Вдруг майор встал из-за стола, достал планшетку, оттуда вытащил какую-то бумагу и аккуратно уложил её на столе, ошарашив меня сообщением своего информбюро:
— Так вот, Кочергин-Одынец Эдуард, твою матку мы нашли и днями отвезём тебя к ней в Ленинград.
Я окаменел от неожиданного приговора, почему-то вытянулся в струнку перед ним, чего никогда не делал и даже не ведал, как это делается. Затем зашатался — закружилась голова — и чуть было не рухнул на пол.
— Ты что шатаешься? Стой! — крикнул он на меня.
Я шагнул назад и осел на стул подле стены. В глазах моих вращались круги. Я ничего не видел, не понимал — быть не может, фантастика!
«Те бе по вез ло, те бе по вез ло, — слышалось в моей башке. — Те бя от ве зём, те бя от ве зём…»

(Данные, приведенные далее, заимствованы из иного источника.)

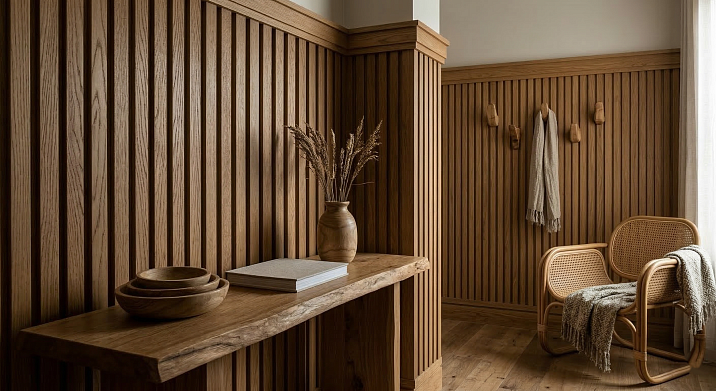 Молдинги из дерева — горизонтальные и вертикальные профили, делящие стену на поля. На стене без реечной панели — они создают структуру. На стенах рядом с реечной панелью — они переносят логику ритма с реечной поверхности на нейтральные стены.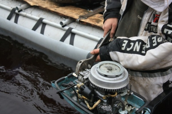 Пробуем разные комбинации – очень уж нам не нравится «Ветерок» на «резинке». Этот мотор не хочет работать на малых и средних оборотах – только на максимуме, но тогда бензин через него льётся, похоже, в реку напрямую.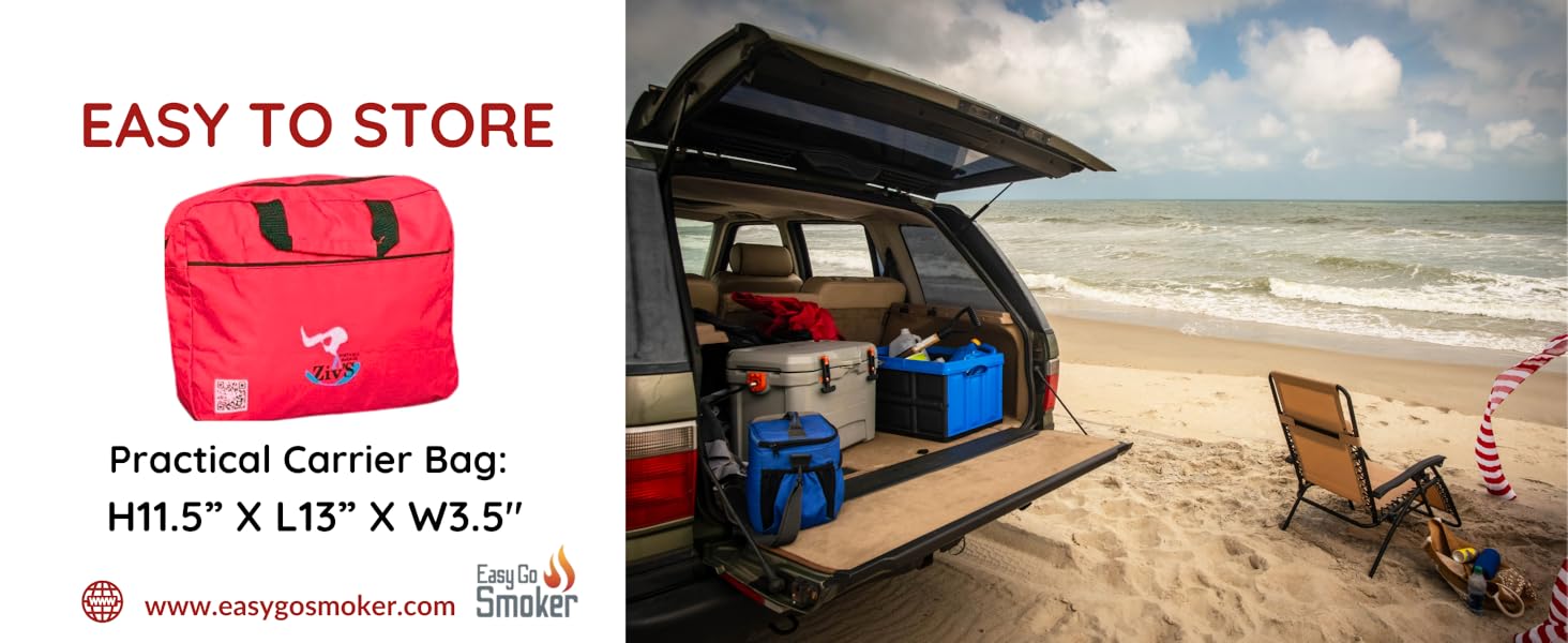 PROFESSIONAL PORTABLE SMOKER: The EasyGoSmoker comes with a compact carrying bag that allows you to take the smoker anywhere. Whether you're camping, fishing, embarking on an outdoor RV adventure, tailgating, or hiking, our easy-to-carry meat smoker will always be a handy addition to your BBQ gear. Use on camping stove, grill or fire.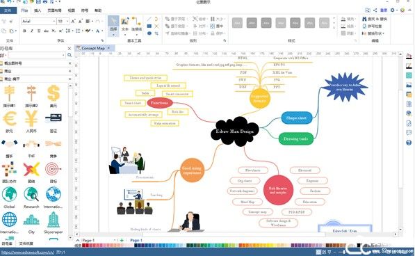 edrawmax,是一款超级专业且强大的综合类图形图表设计软件。您还在为在设计时找不到灵感而担忧?您还在为没有模板套用而烦恼?那就快来下载我们这款专业的设计模板软件吧,在这里有着海量的模板可供用户选择,而且其中有着非常之多的特色模板,就比如有流程图、思维导图、平面图、UML图以及鱼骨图等,并且可以根据用户的需要来改变思维导图的形状和位置,可以实现拼接导图,创建专属于自己的导图。那问题来了,该怎么使用呢?小编可以告诉您,使用起来是非常的简单方便,只要在导图框中输入您所需要的文字,或者是代入图片都可以。要是使用模板的话不仅仅是节省了大量的时间,还能让您的思维更加的顺畅哦。当您都输入完成后,就该到保存阶段了,要知道文件格式是非常的重要,如果您保存的文件在其他的设备或者软件中打不开,那就相当于白做了,既浪费了时间也浪费了精力,非常的划不来,但是,您使用了我们这款软件,就不用担心会出现这类问题发生了,因为它支持的格式非常之多,基本上可以满足用户的日常使用了。我们这款

Пришёл я в себя в охапке у вертухая, он тащил меня от голубопогонника по вестибюлю баронского замка назад в изолятор. Простудная болезнь дала себя знать. Бредил я целых два дня с температурой под сорок.
За дней десять до Нового года меня перевели из изолятора в скотский двор, посчитали здоровым. Собственности, как понимаете, я не имел, и собираться на отъезд из колонтая мне было не нужно. Главный надзирало сообщил, что через две недели все мои документы будут прописаны, после чего меня повезут в Ленинград. За этот срок долги перед братвой я обязан выполнить. Главное — закончить портрет Усатого для Толи Волка, пахана из среднего «амбара», начатый ещё до моей болезни. Кроме того, необходимо было напечатать шесть колод цветух, по две для каждого отряда. Пришлось мало спать и сильно напрягаться.
Уезжал я в мою новую неизвестность чистым — долгов не имел ни перед кем, оставив по себе память — портрет Отца Народов на груди соседского пахана Толи Волка, шикарного щипача, между прочим.
Площадь Урицкого
Наш чухонский поезд пришёл в Питер затемно. Колонтайский экспедитор, по обозванию Мутный Глаз, смесь латышского стрелка с эстонской революционеркой, растолкал меня минут за двадцать до остановки. Времени хватило только на гальюнные необходимости и пайковый завтрак. Спросонок я ещё не осознавал, что со мной происходит, куда меня везут. Только когда поезд остановился и лагаш-кондуктор открыл дверь вагона в холодную темноту январского утра, я понял, что это подлинная реальность. Теперь жизнь моя может измениться, и из подворыша-скачка, пацана-майданника, колониста-татуировщика я выйду, как говорили мои колонтайские подельнички, в стопроцентные фраера. Одним словом — житуха повернётся совсем в другую сторону. Мутный Глаз, привёзший меня для сдачи питерскому НКВД, вцепился в мою руку костлявыми пальцами и тащил по перрону и майдану до самого трамвая, не ослабляя хватки.
— Отстегну, как доставлю и сдам тебя под расписку на Урицкого ленинградским начальникам и твоей матке Броне, как ты её именуешь, — объяснил он мне свою строгость.